**Data for this task:**
********
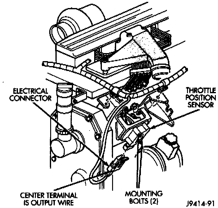 NOTE: The Throttle Position Sensor (TPS) is used only on vehicles equipped with an automatic transmission if equipped with a diesel engine. It is not used with the manual transmission.Throttle Position Sensor Location:
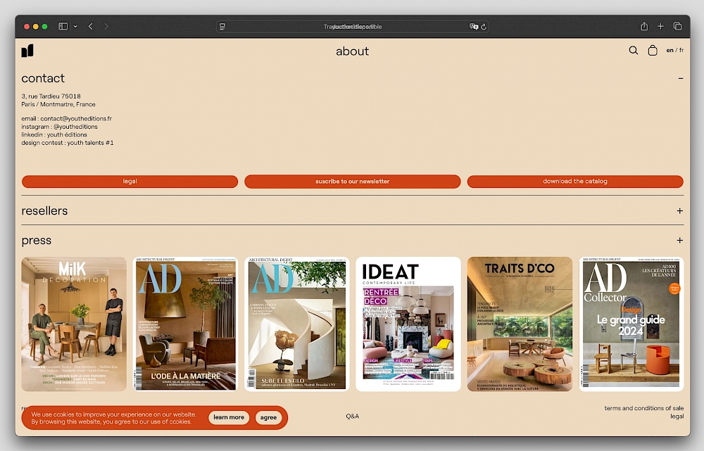 Design du site internet de la maison d'édition de design youth éditions
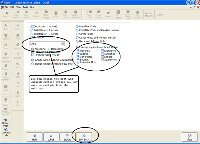 A sceen will appear that is similar to the one you might see when preparing to send labels. Highlighted below are the two main options that are applicable to "Bulk Emails". You can change the sort which will determine the order the email addresses will be listed in and you can choose to exclude specific groups so that they are not list in the BCC blind carbon copy list. Click the "Bulk Email" button to continue.
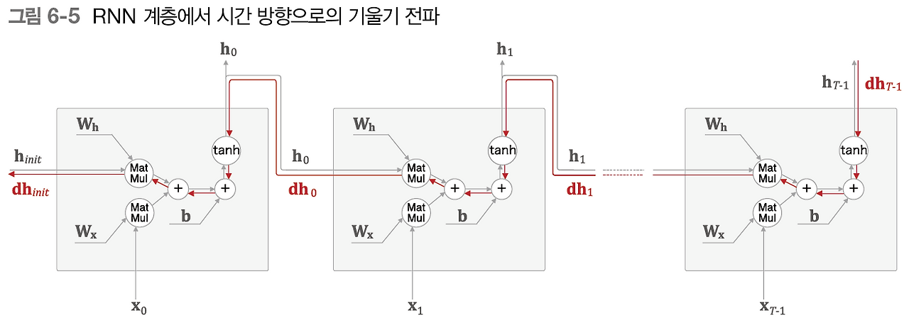 좀 더 논리적으로 RNN 계층에서 기울기 소실/폭발이 일어나는 원인을 살펴보자.
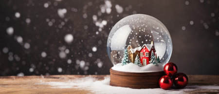 Winter season. Beautiful snow globe with snowy landscape, winter home castle and trees on a Christmas themed background copy space
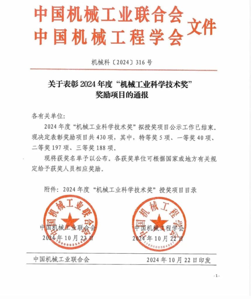 機(jī)械工業(yè)科學(xué)技術(shù)獎(jiǎng)是由中國(guó)機(jī)械工業(yè)聯(lián)合會(huì)和中國(guó)機(jī)械工程學(xué)會(huì)共同設(shè)立,經(jīng)國(guó)家科學(xué)技術(shù)部批準(zhǔn)的全國(guó)機(jī)械行業(yè)綜合性科技獎(jiǎng)項(xiàng)。2024年度“機(jī)械工業(yè)科學(xué)技術(shù)獎(jiǎng)”授獎(jiǎng)項(xiàng)目共430項(xiàng),其中,特等獎(jiǎng)5項(xiàng)、一等獎(jiǎng)40項(xiàng)、二等獎(jiǎng)197項(xiàng)、三等獎(jiǎng)188項(xiàng)。三帝科技獲此殊榮,是對(duì)公司科技創(chuàng)新能力的充分肯定與認(rèn)可。
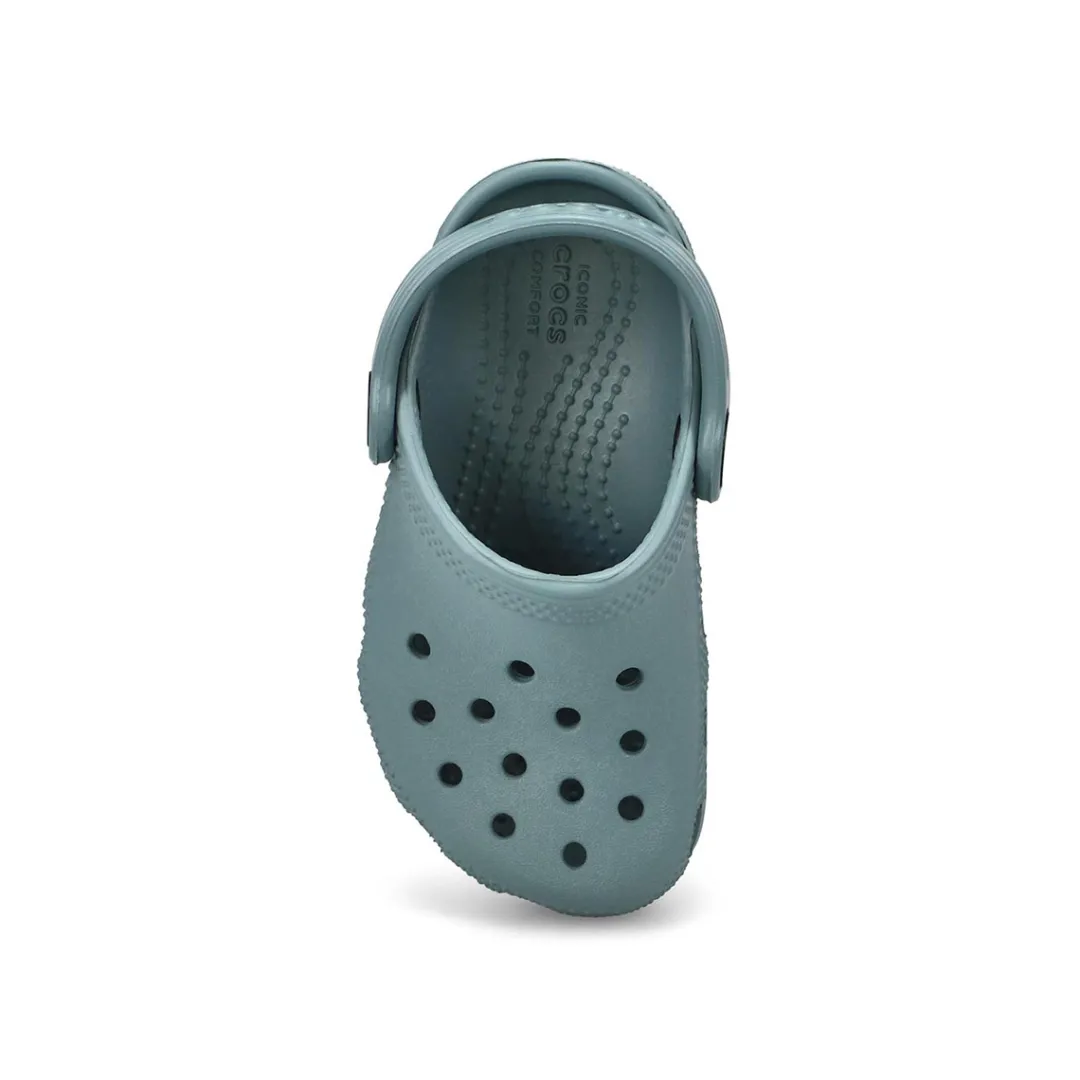 Your little one will be happy walking on the beach, or walking anywhere in the Crocs original Classic EVA black clogs that are the most comfortable and versatile shoes. Ultra-hip Italian styling with a heel strap that can be rolled forward or left behind. Vented so air passes through, keeping feet cool. Molded footbed is bacteria and odor resistant.
********
**What you should do:**
Reproduce the lines above beginning at the line that contains "좀 더 논리적으로 RNN 계층에서 기울기 소실/폭발이 일어나는 원인을 살펴보자." and ending at the line that contains "Winter season. Beautiful". No pictures.

**Written reply:**
 좀 더 논리적으로 RNN 계층에서 기울기 소실/폭발이 일어나는 원인을 살펴보자.
 Winter season. Beautiful snow globe with snowy landscape, winter home castle and trees on a Christmas themed background copy space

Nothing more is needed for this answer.